- What you will do:
Begin at the line containing "- Steel and" in the records below, end at the line containing "Manuel Ramirez’s design", and retype each line in that span exactly. No other line and no image should appear.

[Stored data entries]

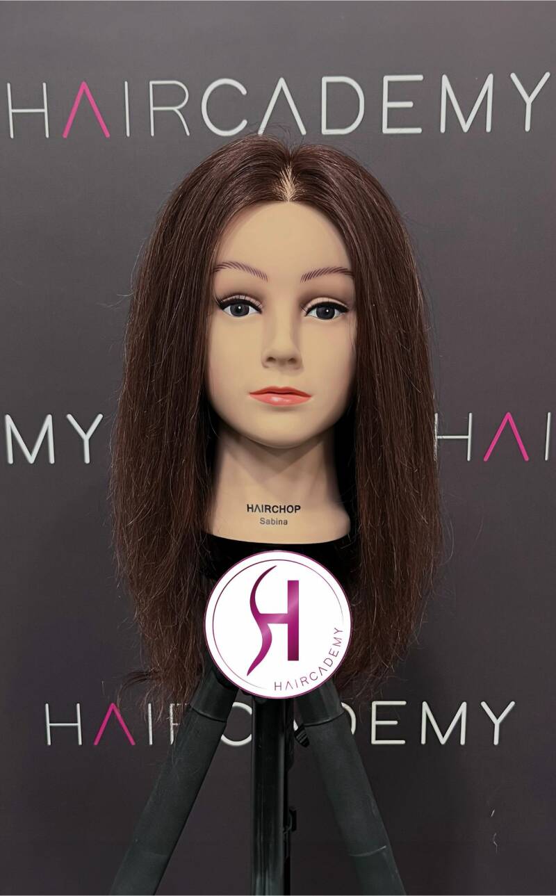 Oefenhoofd Sabina 100% echt haar bruin
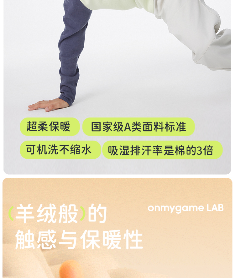 onmygame儿童专业运动品牌男女童款耐脏不易皱,柔软但不软踏
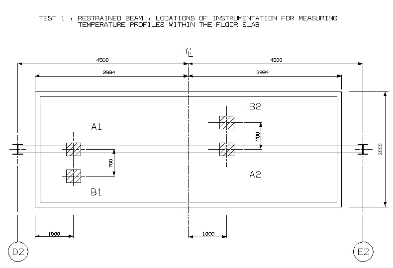 - Steel and concrete temperatures in the floor between beam and furnace wall at B2
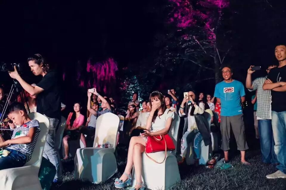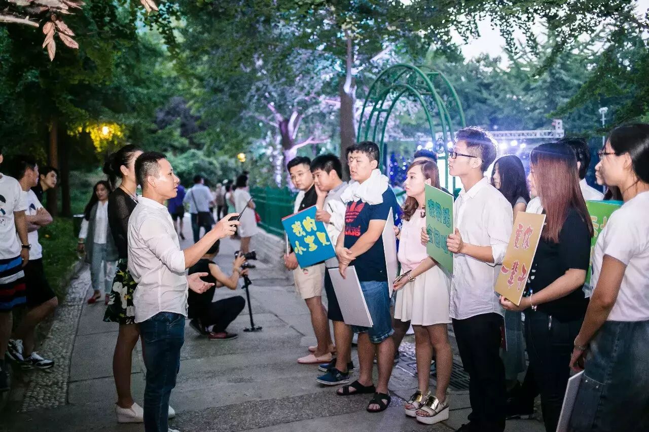 七夕这天,艳阳高照,印着《丽都公园七夕狂欢夜》的易拉宝已经放到公园门口,把戏做足。下午三点,舞蹈演员,萨克斯,管弦乐队开始整体彩排,六点半彩排基本完毕,天南海北过来的朋友们祝福视频录制完毕,不知情的路人已经入座,所有人开始静候博思。
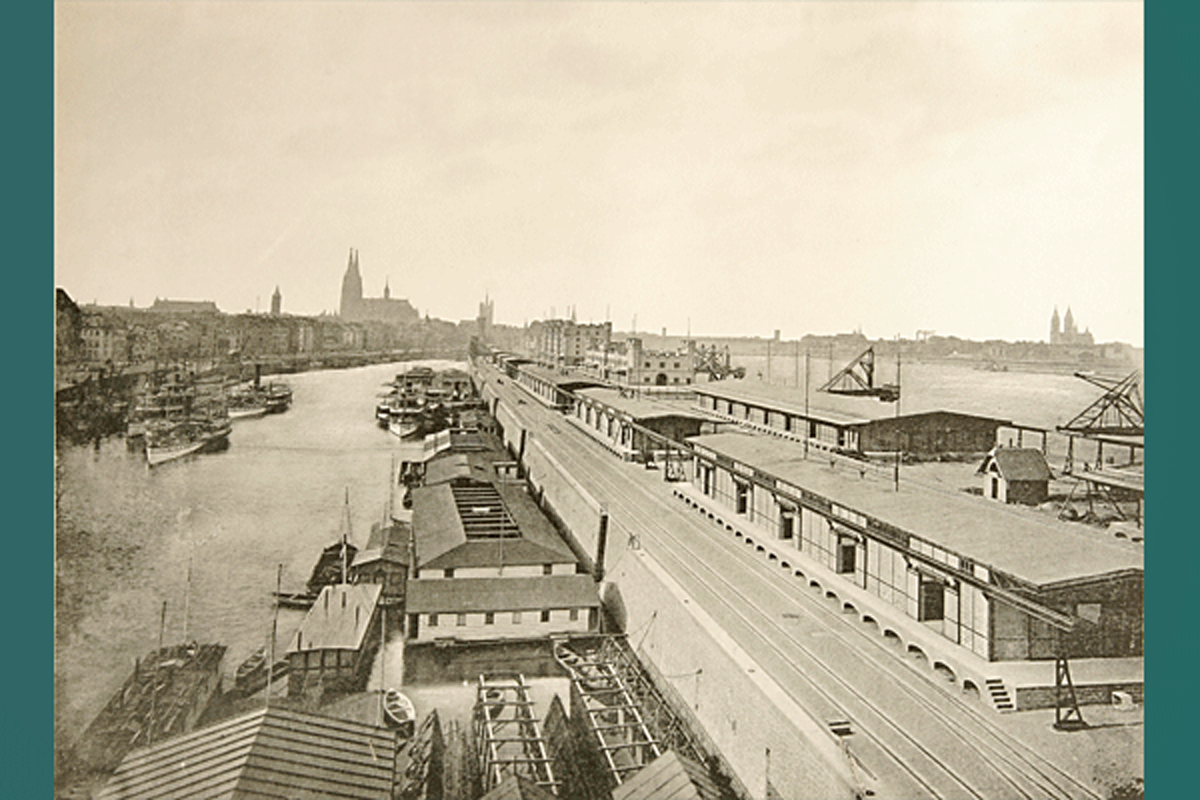 Im letzten Viertel des 19. Jahrhunderts drohte Köln besonders in Konkurrenz zu den benachbarten Rheinhäfen deutlich ins Hintertreffen zu geraten. Dem gewaltigen Ausbau der Hafenanlagen bei Ruhrort und Duisburg, bedingt durch die ungeheuren Mengen an Schüttgütern des Ruhrbergbaus und des Hüttenwesens, konnte kein anderer Binnenhafen Deutschlands folgen. Der Mannheimer Hafen als Umschlagplatz vom Rheinschiff auf die nach Süden führenden Eisenbahnlinien wuchs zum zweitgrößten Rheinhafen heran. Selbst kleinere Städte wie Mainz 1880-87 und seit 1890 Düsseldorf drohten Köln durch den Bau neuer Häfen zu überflügeln. Die Niederlegung der Kölner Stadtmauer und die Planung der Neustadt ab 1881 führten in Köln zu einer vollständigen Neuformung des Verhältnisses von Stadt und Strom.
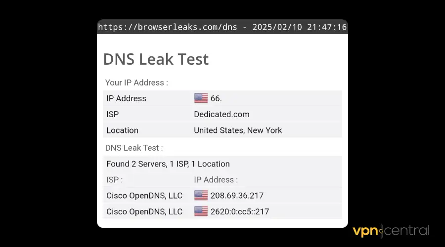 - DNS leak test:
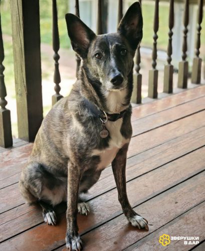 Бетси с полоской на мордочке – девочка - скромняжка, компактная, вес 18 кг., ласковая и спокойная, любит побыть одна, посидеть в сторонке на диванчике, абсолютно ненавязчивая, но, если позвать к себе - оближет с ног до головы. Такая уж она - ласкуша. Бетси очень послушная и тихая как мышка, можно спокойно оставлять одну дома. Возраст 3 года, здорова и привита, приучена к поводку и к выгулу.
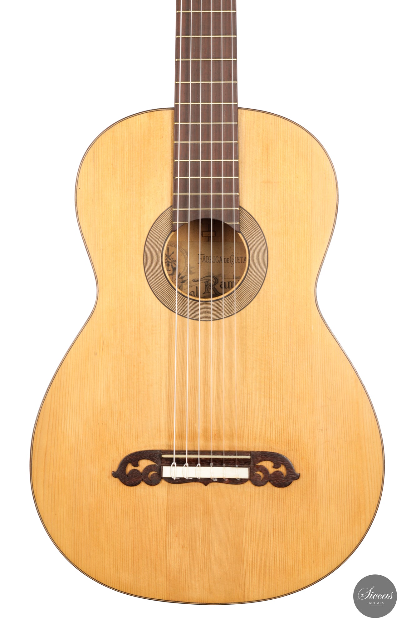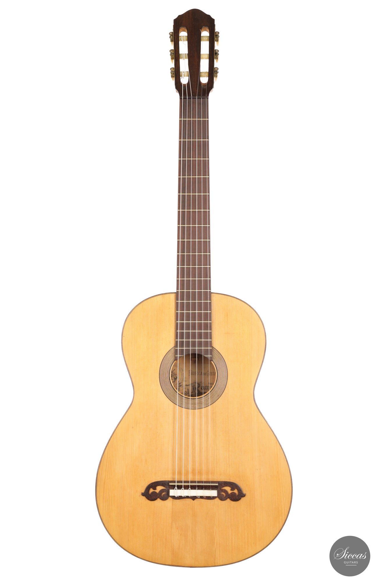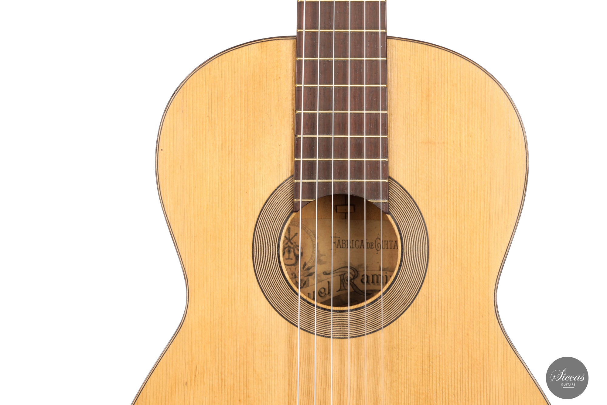 Manuel Ramirez’s design is sober yet precise and delicate, with just enough elaboration to make it precious yet enough free space to admire the quality of the wood and set the standard for generations to come. Moreover, he was one of the first luthiers in Madrid to truly understand the legacy of Antonio de Torres (1817-1892), both in terms of aesthetics and sound. From the many Torres guitars that still can be found with Manuel Ramirez’s repair label inside, it is clear that M. Ramirez studied Antonio de Torres’s instruments on many occasions. The real genius was Ramirez’s ability to grasp their essence and express it in his own way. As a result, his instruments are well-proportioned full-size concert guitars with a responsive, deeply tuned soundboard, rich, complex tone, and outstanding craftsmanship.
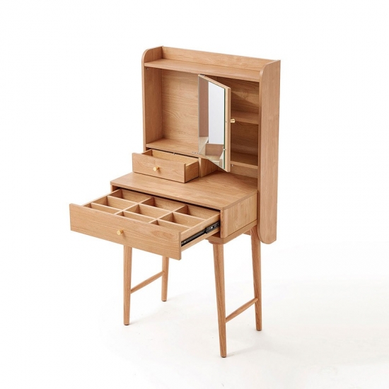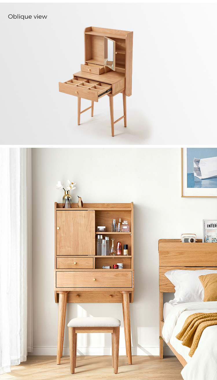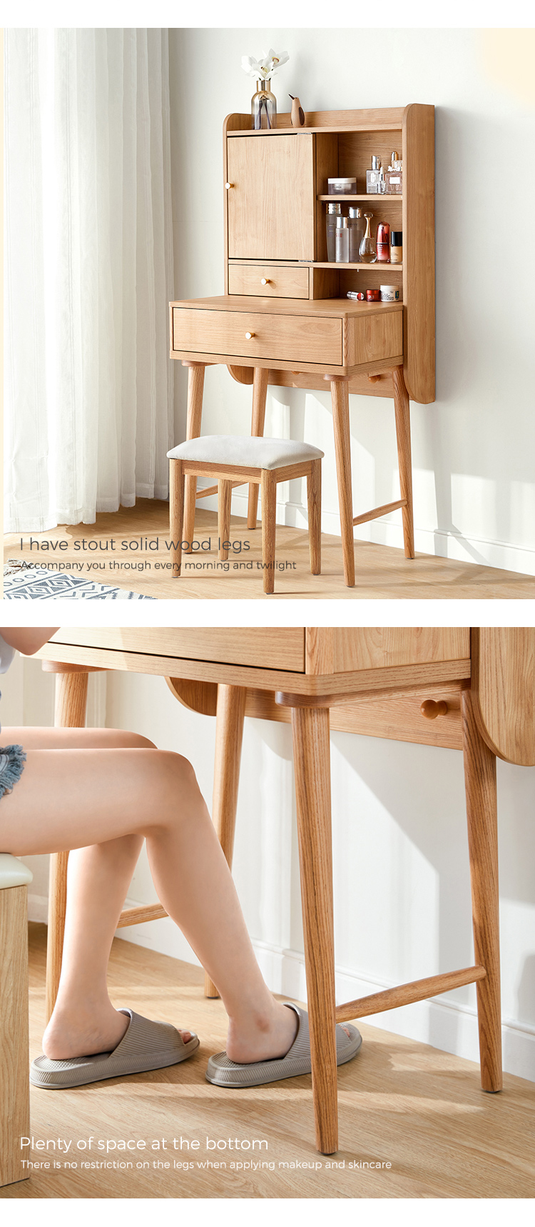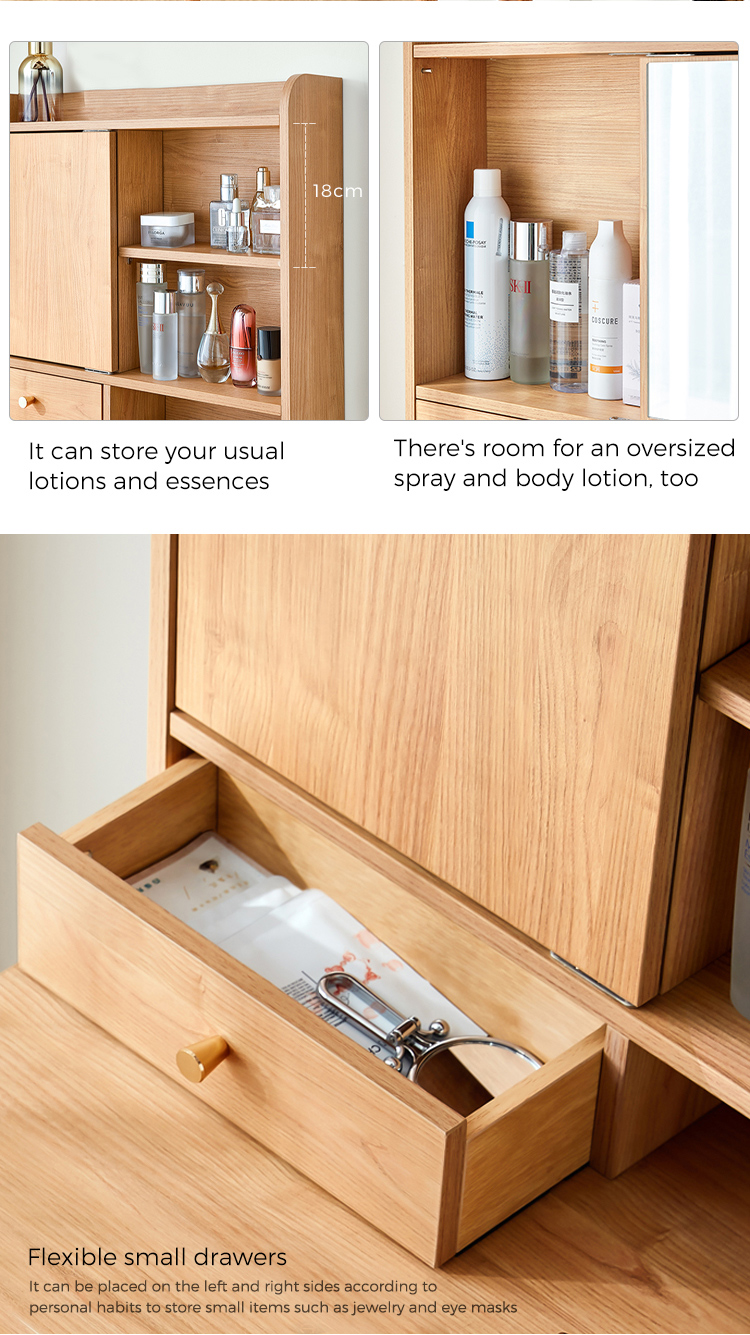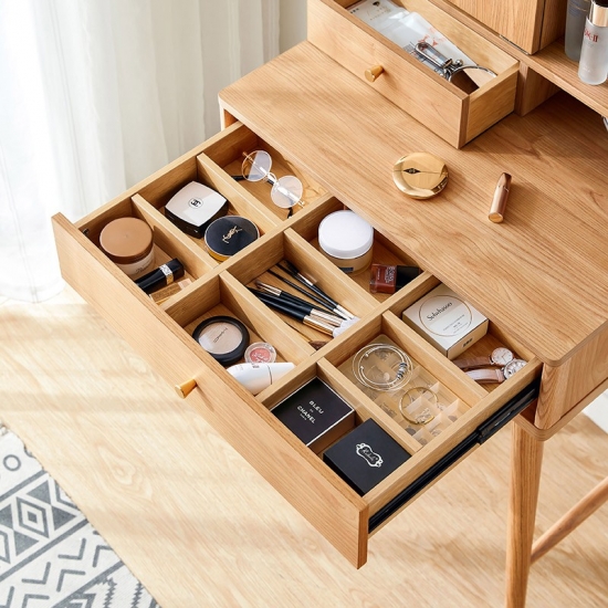 Умное хранение: плавно закрывающиеся ящики, обшитые войлоком, отделения для украшений и скрытое отделение для табурета.

- Result for this exercise:
 - Steel and concrete temperatures in the floor between beam and furnace wall at B2
 七夕这天,艳阳高照,印着《丽都公园七夕狂欢夜》的易拉宝已经放到公园门口,把戏做足。下午三点,舞蹈演员,萨克斯,管弦乐队开始整体彩排,六点半彩排基本完毕,天南海北过来的朋友们祝福视频录制完毕,不知情的路人已经入座,所有人开始静候博思。
 Im letzten Viertel des 19. Jahrhunderts drohte Köln besonders in Konkurrenz zu den benachbarten Rheinhäfen deutlich ins Hintertreffen zu geraten. Dem gewaltigen Ausbau der Hafenanlagen bei Ruhrort und Duisburg, bedingt durch die ungeheuren Mengen an Schüttgütern des Ruhrbergbaus und des Hüttenwesens, konnte kein anderer Binnenhafen Deutschlands folgen. Der Mannheimer Hafen als Umschlagplatz vom Rheinschiff auf die nach Süden führenden Eisenbahnlinien wuchs zum zweitgrößten Rheinhafen heran. Selbst kleinere Städte wie Mainz 1880-87 und seit 1890 Düsseldorf drohten Köln durch den Bau neuer Häfen zu überflügeln. Die Niederlegung der Kölner Stadtmauer und die Planung der Neustadt ab 1881 führten in Köln zu einer vollständigen Neuformung des Verhältnisses von Stadt und Strom.
 - DNS leak test:
 Бетси с полоской на мордочке – девочка - скромняжка, компактная, вес 18 кг., ласковая и спокойная, любит побыть одна, посидеть в сторонке на диванчике, абсолютно ненавязчивая, но, если позвать к себе - оближет с ног до головы. Такая уж она - ласкуша. Бетси очень послушная и тихая как мышка, можно спокойно оставлять одну дома. Возраст 3 года, здорова и привита, приучена к поводку и к выгулу.
 Manuel Ramirez’s design is sober yet precise and delicate, with just enough elaboration to make it precious yet enough free space to admire the quality of the wood and set the standard for generations to come. Moreover, he was one of the first luthiers in Madrid to truly understand the legacy of Antonio de Torres (1817-1892), both in terms of aesthetics and sound. From the many Torres guitars that still can be found with Manuel Ramirez’s repair label inside, it is clear that M. Ramirez studied Antonio de Torres’s instruments on many occasions. The real genius was Ramirez’s ability to grasp their essence and express it in his own way. As a result, his instruments are well-proportioned full-size concert guitars with a responsive, deeply tuned soundboard, rich, complex tone, and outstanding craftsmanship.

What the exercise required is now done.